Other risks: Hospitals and health systems face other significant risks, including cybersecurity and ransomware threats, data breaches and HIPAA exposure, environmental risks (e.g., flooding, wildfires, or storm damage), and technological advances that further the ongoing movement of inpatient care to outpatient settings. They also face risks in talent recruitment, as healthcare becomes more digital and must compete for talent against sophisticated and established tech companies that also represent a competitive threat for legacy healthcare organizations.
Dynamic Risk Management and Resiliency
It is our position that organizations should adopt a strategic resource allocation framework to build resiliency and enable an agile and fluid response to risks that might undermine an organization’s operating or financial strength. A dynamic financial planning model forms a bridge between the organization’s ERM function and the strategic resource allocation framework, identifying and quantifying the potential impact of material risks as discussed above, and identifying resources within the strategic resource allocation framework to hedge against these risks. For those organizations that do not have an ERM infrastructure in place, the financial planning model can be used to help identify a targeted pool of key operating and financial risks.
A strategic resource allocation framework focuses on integrating risks and resources across the three primary components (described here as “companies”) of all health systems:
- An operating company that grows and manages the clinical and strategic initiatives that drive cash flow and define the organization’s mission
- A finance company that leverages enterprise resources to secure the liquidity and capital (internal and external) needed to fund the operating company
- An investment company that warehouses and deploys accumulated liquidity resources to support credit, drive return, fund capital, stabilize risk, or respond to any combination of a range of sometimes competing and shifting priorities
Figure 1: The Strategic Resource Allocation Framework
The strategic resource allocation framework brings these companies together in a resiliency hub where existing resource claims arising from the operating company and its initiatives can be matched against resources to establish a baseline resiliency profile, and also where investment company resources can be identified to hedge against potential risk exposures of both the operating and the finance companies (Figure 1).
Traditional financial planning contributes to establishment of the baseline resiliency profile by defining the resources required to fund and implement identified operating company initiatives. Dynamic financial planning contributes to building resiliency against future disruptions through the process of risk identification and quantification. A dynamic financial planning model defines not only the claims on resources from known strategic requirements, but also the potential resource claims of risks to the operating company and the finance company. It identifies resources that can be used to respond if these risks materialize, which in turn informs an investment strategy that prioritizes, first, the need to hedge against operating company and finance company risks, and second, the pursuit of independent returns (Figure 2).
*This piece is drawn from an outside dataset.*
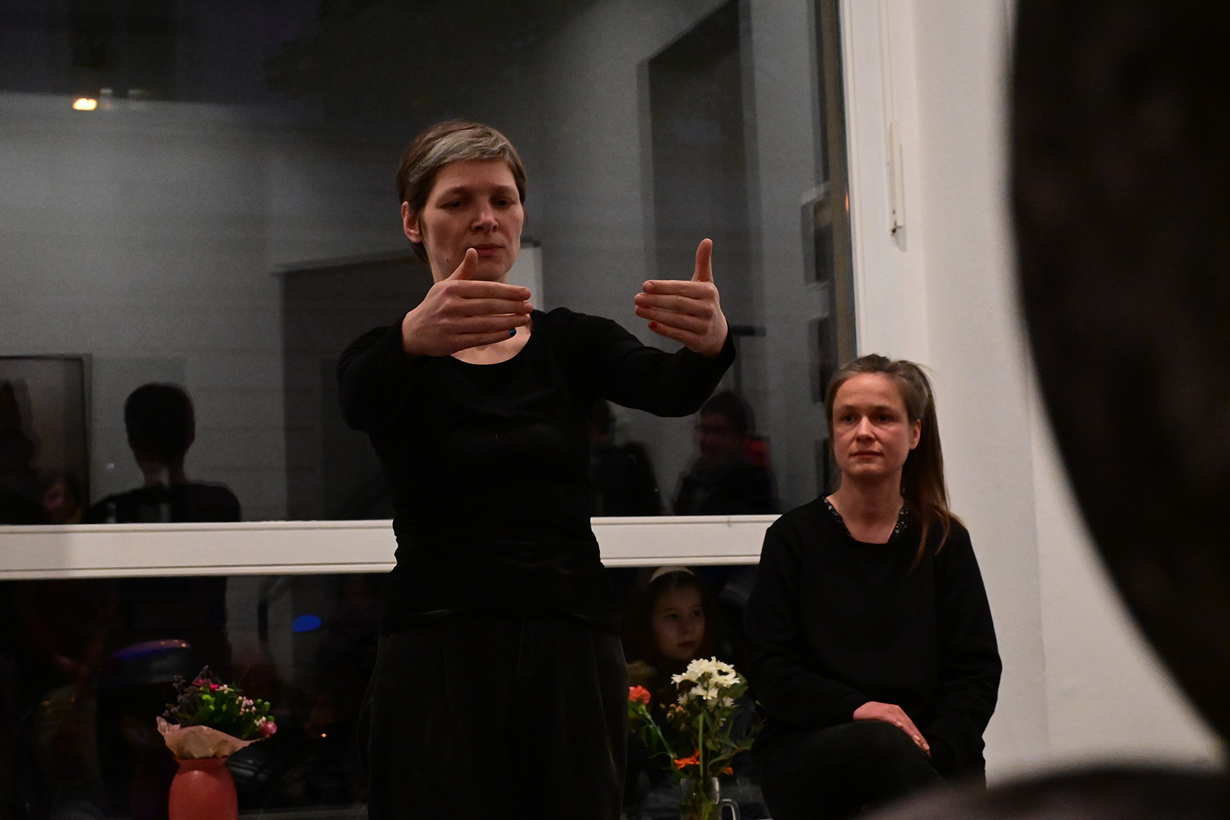 Die Künstlerinnen Juliane Schmidt und Henriette Aichinger stellten den, Jahre zuvor aufgezeichneten und 2024 aktualisierten Dialog zur Eröffnung der Ausstellung performativ vor.

Figure 2: Dynamic Financial Planning’s Integration with Strategic Resource Allocation
By identifying and drawing attention to material risks and ensuring that planning is in place to hedge against them if they become reality, dynamic financial planning’s integration with strategic resource allocation also contributes to more dynamic, enterprise-wide conversations around resources and risk response. The shock of future disruptions is inevitable, but the resiliency needed to absorb those shocks and move forward is not. Dynamic financial planning is a key element in building that resiliency.